Thinking long-term, convention attendees advised local groups to try to “provide technical
training and public service employment” in their communities to promote Black people’s
“entry into environmental protection occupations.” Their ultimate goal was to install
organizers in formal government positions to help create community-controlled programs to
mitigate climate change. Finally, they called on all Black people to create “action groups” to
combat the major polluters in their areas.

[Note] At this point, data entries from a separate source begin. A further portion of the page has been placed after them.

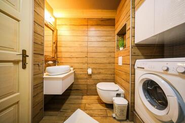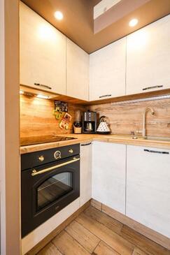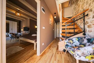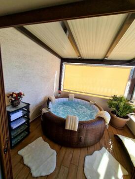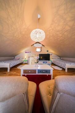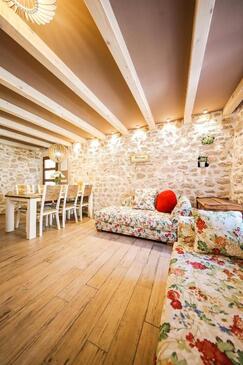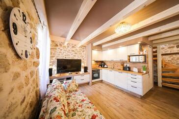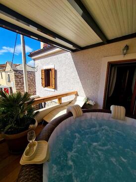 Haus bietet Platz für 8 Gäste. Die Betten sind in Schlafzimmern, die es 3 gibt, innerhalb einer Gesamtfläche von 78m2, angeordnet. Die Gäste haben einen eigenen Balkon zur Verfügung, auf der sie in warmen Sommernächten genießen können. Das Haus bietet Meerblick. Für vollen Genuss und Entspannung gibt es einen privaten Grill für Gäste dieser Unterkunft. In der Unterkunftseinheit besteht die Möglichkeit des Mitbringens von Haustieren, und die Dienstleistung ist im Preis der Unterkunft enthalten.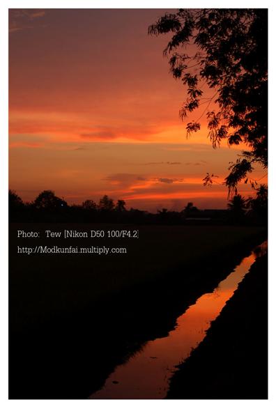คำตอบที่ 11 วันนี้ตอนเย็นไม่ได้รถติดอยู่บนถนนเส้นไหน เลยได้มีโอกาสจับกล้องออกมาถ่ายเล่นก่อนลงสนามจริงพรุ่งนี้ที่ตลาดคลองสวน 100 ปี เป็นบรรยากาษทุ่งนาที่ถนนคุ้มเกล้า ที่อีกไม่กี่วันคงเก็บเกี่ยวได้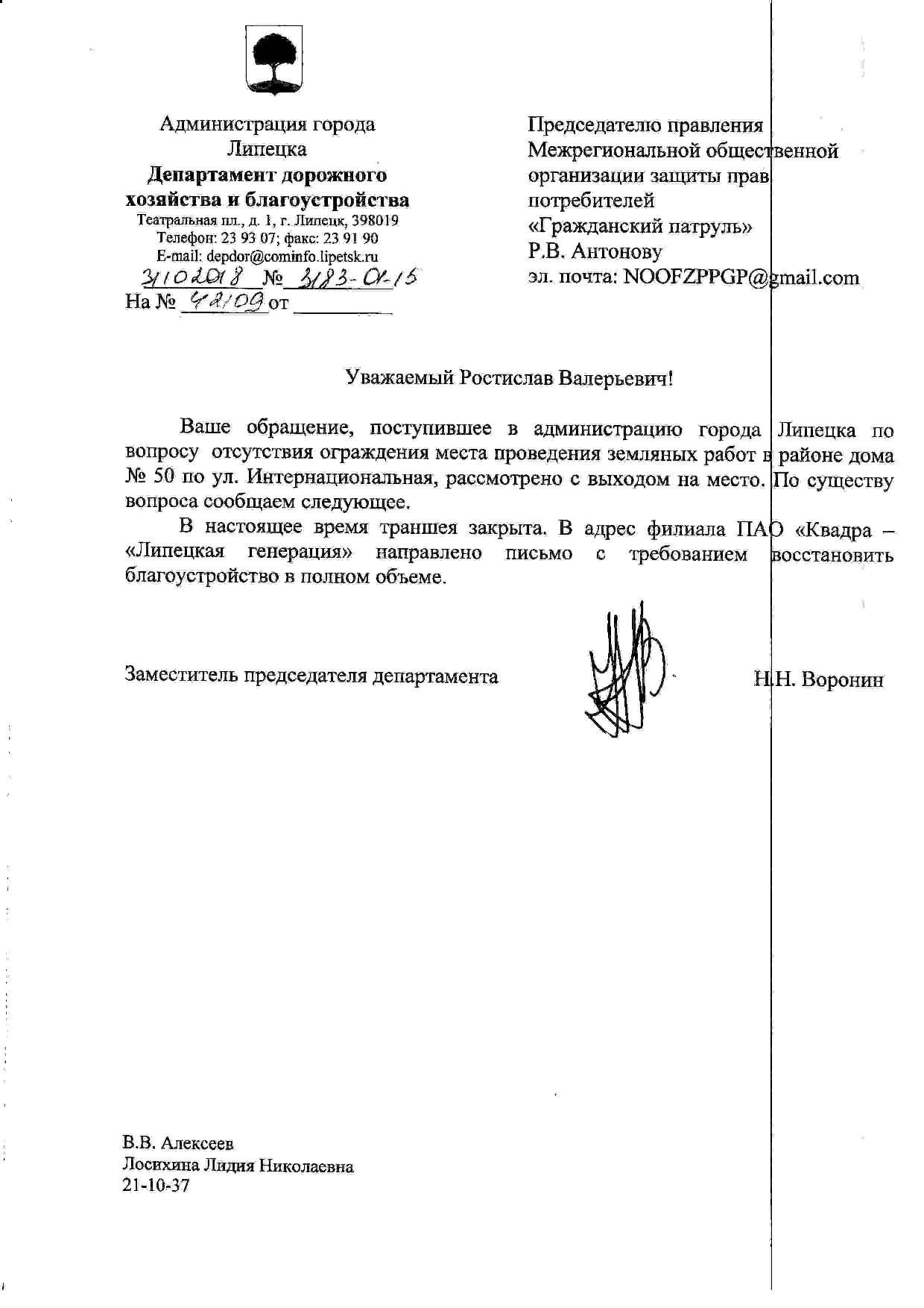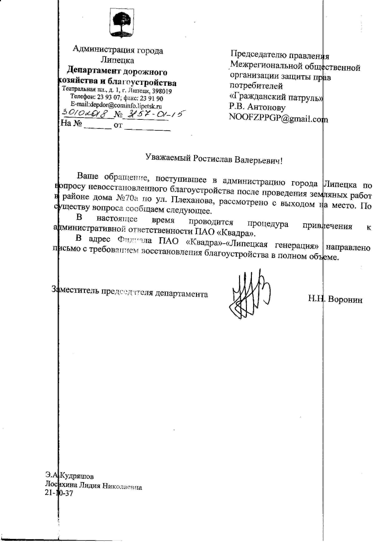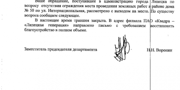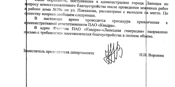 Номер жалобы:42114 Тип жалобы:Иные проблемы ЖКХ Название объекта:М Регион:Липецкая область Город:Липецк Адрес:ул. Плеханова, 70А Описание жалобы:Не благоустроили после ремонта сетей Статус: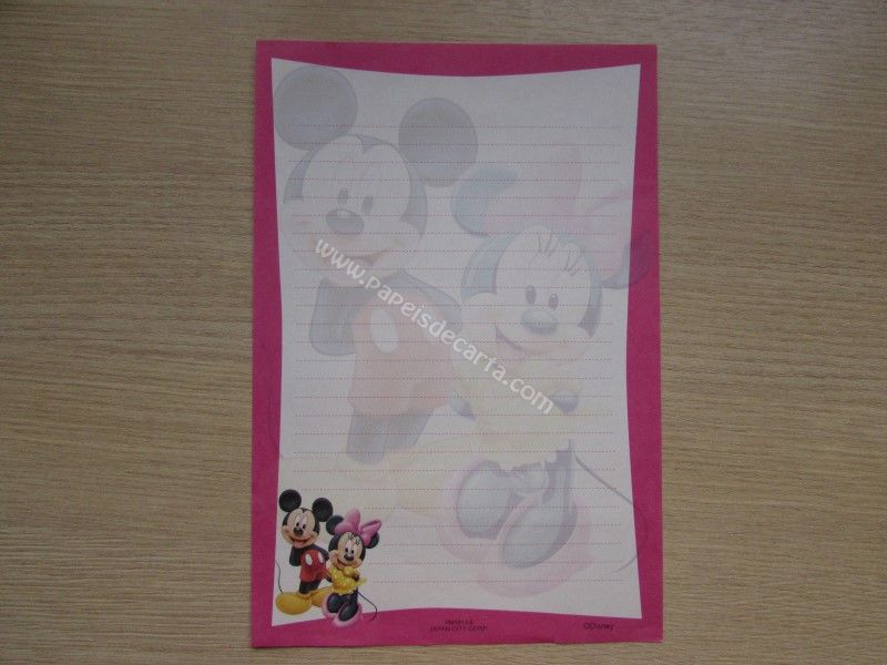 Papel de carta antigo, raro, tamanho um pouco maior que o médio, da Disney, Mickey e Minnie.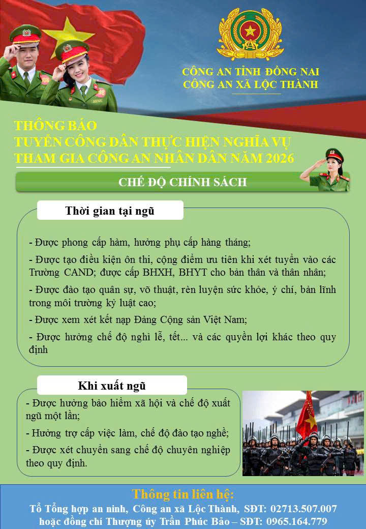 CÔNG AN XÃ LỘC THÀNH THÔNG BÁO CÔNG DÂN THỰC HIỆN NGHĨA VỤ THAM GIA CÔNG AN NHÂN DÂN 2026
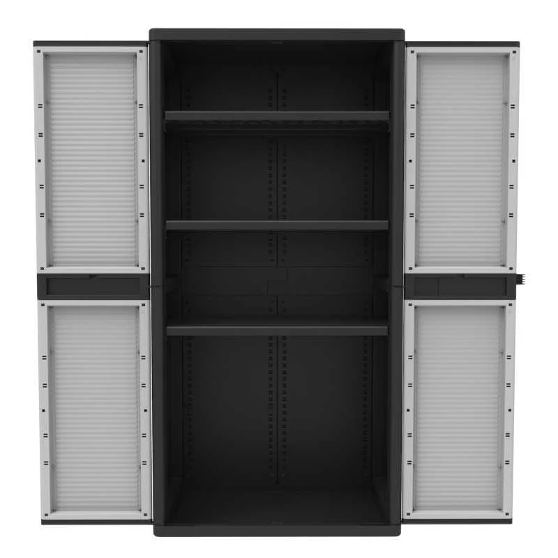 Doppia anta, tre ripiani interni regolabili in altezza.

Those who came to Gary knew that there would be no progress for Black people unless they
made protecting the planet a central part of their efforts to safeguard Black rights.
Convention-goers ranging from Jessie Jackson to Black student organizers recognized White
lawmakers’ efforts to de-racialize and de-radicalize environmental justice despite the fact that
Black people’s experiences revealed a clear connection between environmental deterioration
and racial discrimination.

When the convention closed, thousands of Black organizers returned to their homes equipped
with action items to support climate change initiatives in their area. In Gary for example, a
group of Black residents joined forces to support a bill to curb emissions of the U.S. Steel
Corp., the primary polluter of the city. A few years later, environmental-justice organizing
gained national attention when Black residents in Warren County, N.C., protested the state’s
effort to dump thousands of truckloads of toxic soil in Afton, a rural, Black community.

Convention organizers’ environmental action platform was prescient. Indeed, their fears
about “the policies and actions” of “industrial plants, motor vehicles, slumlords, and
governmental agencies” polluting Black areas through poor housing conditions, toxic waste
dumping and tax breaks for chemical plants and factories, are coming to fruition today.

Even more perceptive was organizers’ assessment that the focus and face of climate justice
was and would continue to be White. Just as Earth Day whitewashed the Gary organizers’
environmental concerns, so too does the environmental justice movement in America remain
segregated today. White environmental interests and dollars tend to focus on preserving
wildlife and green spaces, while activists of color focus primarily on preventing industrial
plants and chemical waste from uprooting or polluting their communities. Meanwhile the
most recognizable climate change activists, like Greta Thunberg, are White, and activists of
color remain relatively unknown and underappreciated.

That’s why we need to remember their solutions as well, particularly their calls to integrate
environmental justice into all aspects of organizing. The Gary organizers left us a road map
before they left West Side High School 50 years ago this month. Most important, they left us
with one of the biggest lessons of this historic meeting: climate justice is racial justice.